As a Welshman whose childhood was mostly spent in England, who lived for a time in Belfast, and who has stayed most of his adult life in Scotland, I felt more comfortable with the identity marker “British” than with any one of the UK’s constituent nations. I’ve always been a little bit outside each one of them, but more or less at home in them all. It sounds strange to say but people who never experience being an outsider miss out on something important about being human.

One of my first experiences on arrival was being told by a taxi driver (after the “you-don’t-sound-like-you’re-from-here” questions) that “at least we don’t have the ‘darkie’ problem here”. Racism exists in Scotland in many forms and sometimes nationalist sentiment can be its gateway; we must always guard against that. Nevertheless, when the referendum came, I felt a dilemma. My teenage girls would come home from school, fired with enthusiasm by the intense debates their teachers encouraged in class. My older daughter was in a minority in supporting independence (now the younger does too) and complained her classmates would ridicule her, rather than debate ideas. Most of them, she thought, were simply parroting their parents’ views.

Although I didn’t then share her position, I was proud of her for thinking for herself. So we would sit around the dinner table and I would offer suggestions for counter arguments she could make in response to prejudices her classmates had expressed.

It’s a useful exercise in testing one’s views to think through the opposing position. I could readily concede the SNP’s political agenda was mostly attractive, more progressive than anything likely to be achieved at Westminster in my lifetime. But Alex Salmond’s lack of clarity around currency and the economy worried me, as did the risk of exclusion from

the EU.

Two years later, Brexit felt like a huge betrayal.
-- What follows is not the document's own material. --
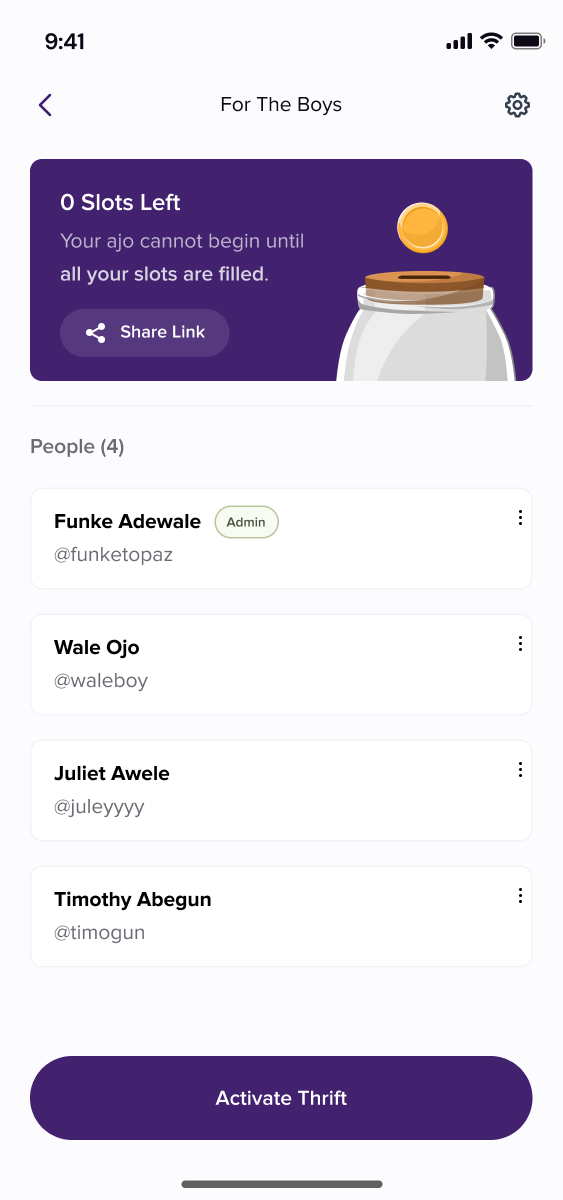 You’re all set! It’s time to add members to your thrift group. Click on the share icon at the top right of your thrift, copy the invite link and share with friends, family, or colleagues to join.

I am still staggered by the hypocrisy of Conservative politicians dragging Britain into the very situation they had threatened Scotland with. It’s much clearer now how divergent the politics of Scotland and England are becoming. ‘British’ feels a fast vanishing option.

Nicola Sturgeon gives me more confidence than Salmond ever did; she often seems like the only adult in the room of UK politics. If the choice must be between being shackled to an inward-looking, reactionary English nationalism, still drunk on empire and old war movies, or a civic Scottish nationalism with a politically progressive agenda, I know which side I would choose now. I stand with my Scottish daughters. The future is theirs.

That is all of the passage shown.